Basis of Presentation: The interim condensed consolidated financial statements are unaudited. Because of the nature of the Company's operations, the results for interim periods are not necessarily indicative of results to be expected for the year. While these condensed consolidated financial statements reflect all normal recurring adjustments that are, in the opinion of management, necessary for fair presentation of the results of the interim period, they do not include all of the information and footnotes required by accounting principles generally accepted in the United States of America ("GAAP") for complete financial statements. Therefore, the interim condensed consolidated financial statements should be read in conjunction with the consolidated balance sheets as of December 31, 2021 and 2020, and the related consolidated statements of operations, comprehensive income (loss), cash flows, and equity and redeemable noncontrolling interest for each of the three years ended December 31, 2021, 2020, and 2019, respectively, and the notes thereto included in the Company's Annual Report filed on Form 10-K for the year ended December 31, 2021 ("2021 Form 10-K"), and other subsequent filings with the U.S. Securities and Exchange Commission ("SEC").

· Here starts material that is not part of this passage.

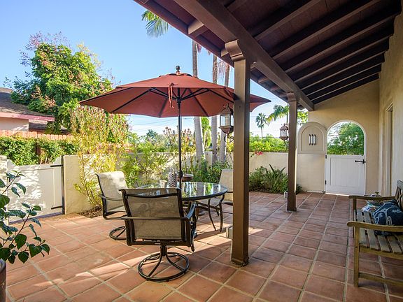 Experience the timeless allure of this Upper East Spanish Classic! Crafted in 1929 for the distinguished Bergen Family, this enchanting property exudes the enduring charm of old Santa Barbara. As you step inside, your eyes are drawn upwards to the grandeur of 14-foot wood beam ceilings that crown the majestic living room, a space filled with character and grace. French doors and picture windows invite the outdoors in, and a gas fireplace adds warmth to the ambiance. The living room and adjacent dining room flow to the tiled front patio, where a soothing fountain adds a touch of tranquility. The chef's kitchen is a true gem, boasting PJ Milligan pine cabinets and an abundance of counter space. Savor your morning coffee or tea in the cozy breakfast nook - a delightful touch to your daily routine. Venturing upstairs, the primary bedroom bathes in natural light, offering clear mountain views and a captivating vista of the lush pool area. Fine details grace every corner, from high ceilings to exquisite original hardwood floors, recessed lighting, and Juliette balconies. It is a space where elegance and comfort coalesce. Outdoors, the expansive backyard resembles a private park, complete with a spacious patio, inviting pool, soothing jacuzzi and serene koi pond. Entertaining friends and family has never been easier with this magnificent backdrop. The elongated herringbone brick paver driveway accommodates several vehicles, and the detached two-car garage features a convenient storage room. The large lot, outdoor patios, and well-manicured perimeter foliage ensure a sense of seclusion and privacy. Located in proximity to downtown shopping, a vibrant restaurant scene, parks, and schools, this home offers the quintessential Santa Barbara lifestyle. If you're seeking the perfect blend of indoor-outdoor living and the iconic red tile charm of the Upper East, your search ends here. Prepare to be enchanted and fall in love with this extraordinary lifestyle. Schedule a showing and seize the opportunity to make it your own today!

Rounding: Amounts in the condensed consolidated financial statements and notes are rounded to the nearest tenth of a million. Accordingly, a recalculation of some per-share amounts and percentages, if based on the reported data, may result in differences.

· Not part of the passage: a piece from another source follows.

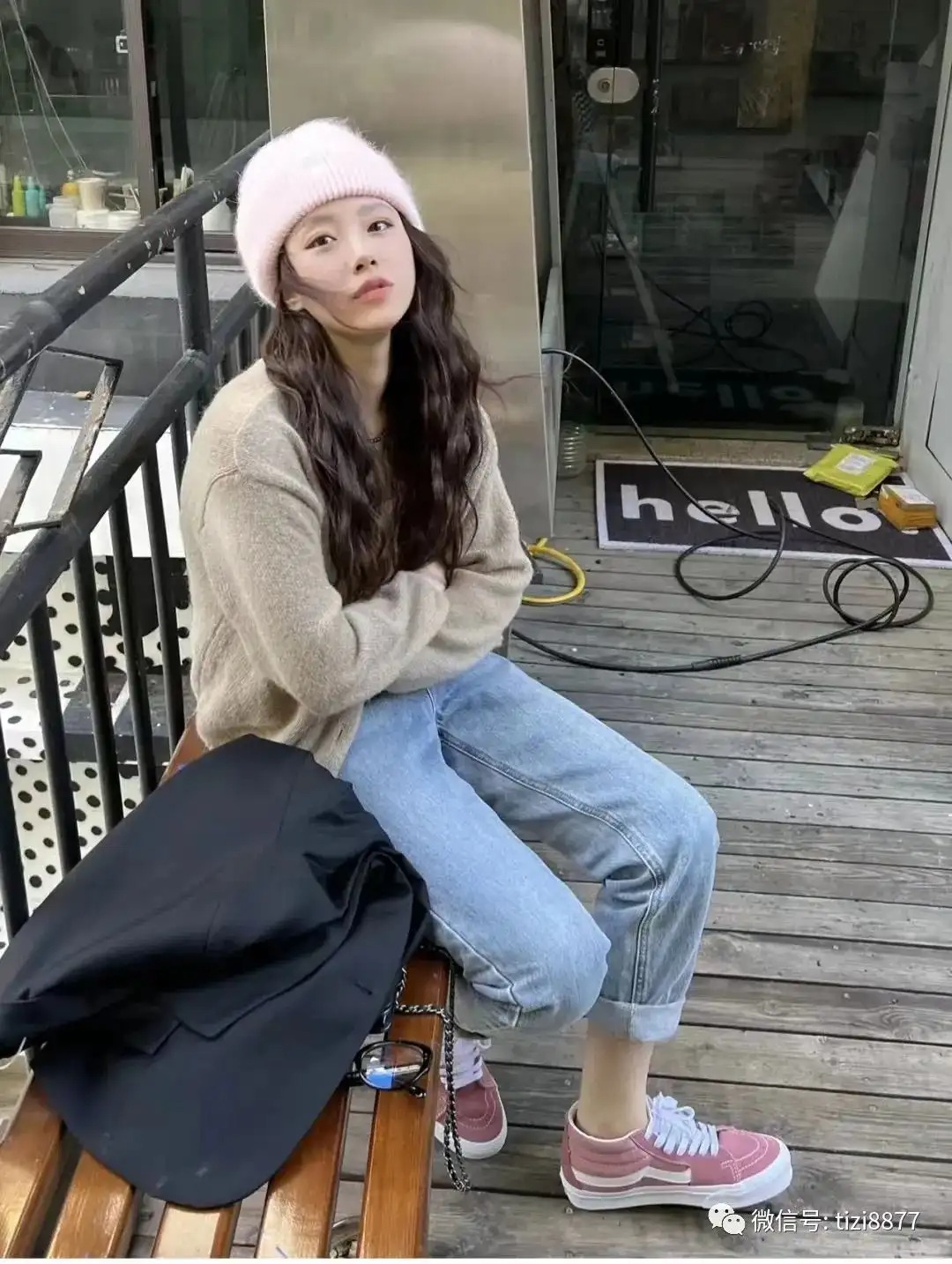 韩系叠穿,粉帽子+粉鞋+线衫,就是软软的一个萌妹,加上西装之后会增加一些气场,戴了眼镜呼应一下西装,算是1套2种不同的感觉~~

2. SUMMARY OF SIGNIFICANT ACCOUNTING POLICIES
The Company's significant accounting policies are described in Note 2 to the consolidated financial statements included in Item 8 of the Company's 2021 Form 10-K. There have not been any changes to the Company's significant accounting policies as described in the Company's 2021 Form 10-K.
Recently issued accounting pronouncements
In March 2020, the Financial Accounting Standards Board ("FASB") issued Accounting Standards Update ("ASU") No. 2020-04, Reference Rate Reform, establishing ASC Topic 848, and amended the standard thereafter through ASU No. 2021-01 (collectively, "ASC 848"). ASC 848 provides optional practical expedients and exceptions related to the impacts of reference rate reform that affect certain debt, leases, derivatives and other contracts if certain criteria are met. The amendments apply only to contracts and hedging relationships that reference LIBOR or another reference rate expected to be discontinued due to reference rate reform. These amendments are effective immediately and may be applied prospectively to contract modifications made and hedging relationships entered into or evaluated on or before December 31, 2022. Reference rate reform has not had a material impact on any of the Company's existing contracts. Therefore, the Company has not elected to apply any of the optional practical expedients and exceptions under ASC 848 as of the current date. The Company will assess future changes in its contracts and the impact of electing to apply the optional practical expedients and exceptions provided by ASC 848 as they occur, but expects their application will not have a material effect on its financial position or results of operations.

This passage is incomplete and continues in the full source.